DATA PROVIDED:
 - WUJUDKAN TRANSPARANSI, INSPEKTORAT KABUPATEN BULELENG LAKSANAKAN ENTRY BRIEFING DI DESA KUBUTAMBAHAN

* * *

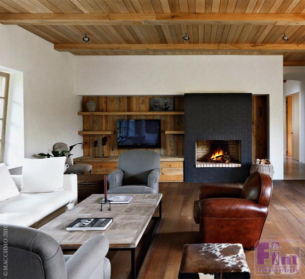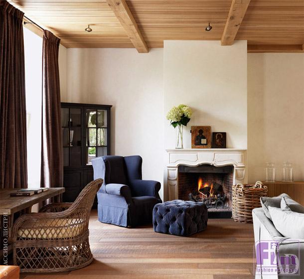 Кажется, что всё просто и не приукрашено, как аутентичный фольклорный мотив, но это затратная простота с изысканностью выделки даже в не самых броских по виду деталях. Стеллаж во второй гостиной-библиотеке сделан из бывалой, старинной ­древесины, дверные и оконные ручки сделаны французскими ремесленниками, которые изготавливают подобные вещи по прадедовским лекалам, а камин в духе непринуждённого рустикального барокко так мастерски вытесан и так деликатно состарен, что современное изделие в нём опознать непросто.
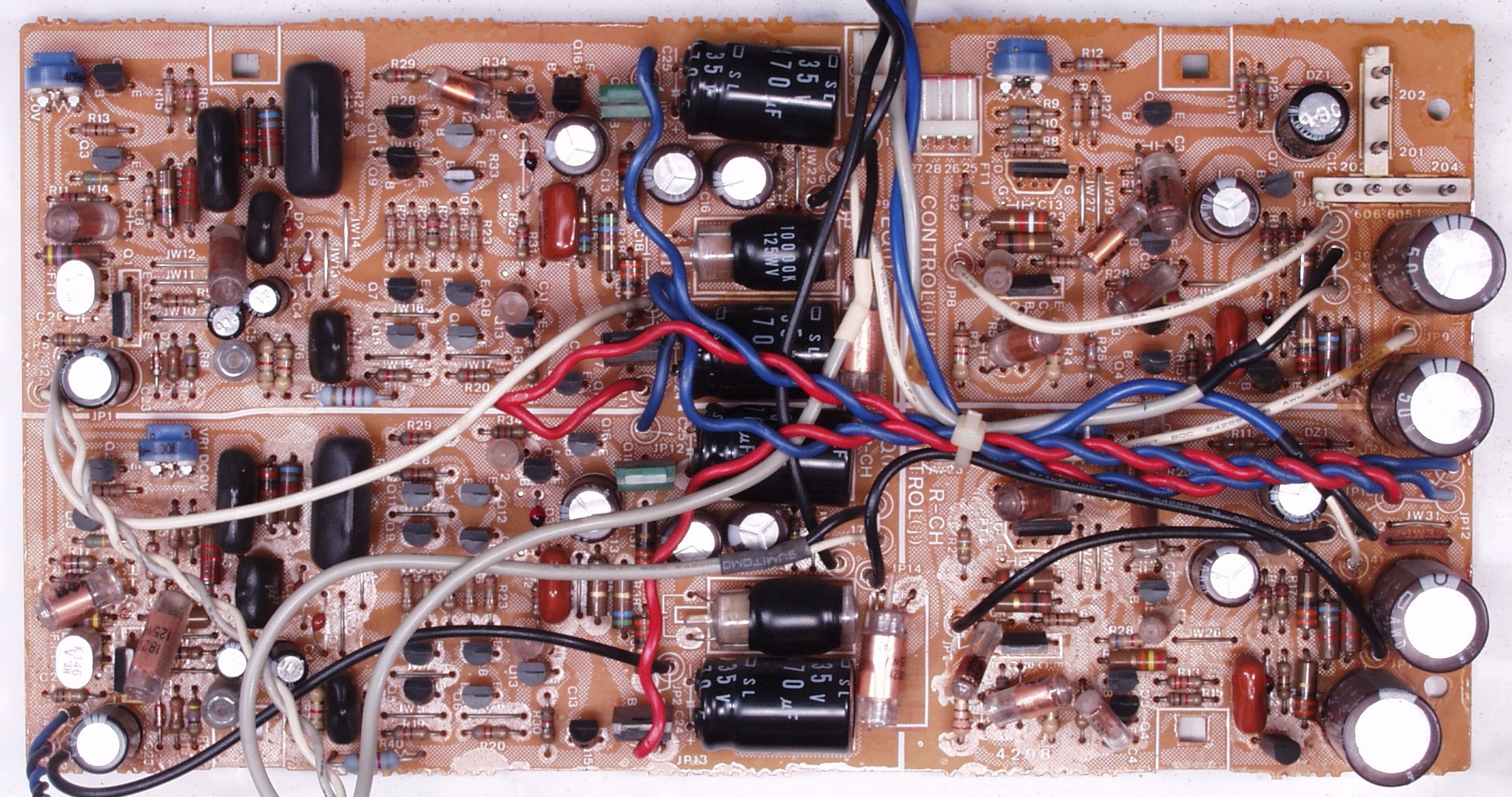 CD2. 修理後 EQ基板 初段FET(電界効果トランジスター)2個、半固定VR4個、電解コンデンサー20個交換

EXERCISE PROMPT: From the records above, copy only the lines running from the line holding "Кажется, что всё" through the line holding "CD2. 修理後 EQ基板", with no pictures.

RESULT:
 Кажется, что всё просто и не приукрашено, как аутентичный фольклорный мотив, но это затратная простота с изысканностью выделки даже в не самых броских по виду деталях. Стеллаж во второй гостиной-библиотеке сделан из бывалой, старинной ­древесины, дверные и оконные ручки сделаны французскими ремесленниками, которые изготавливают подобные вещи по прадедовским лекалам, а камин в духе непринуждённого рустикального барокко так мастерски вытесан и так деликатно состарен, что современное изделие в нём опознать непросто.
 CD2. 修理後 EQ基板 初段FET(電界効果トランジスター)2個、半固定VR4個、電解コンデンサー20個交換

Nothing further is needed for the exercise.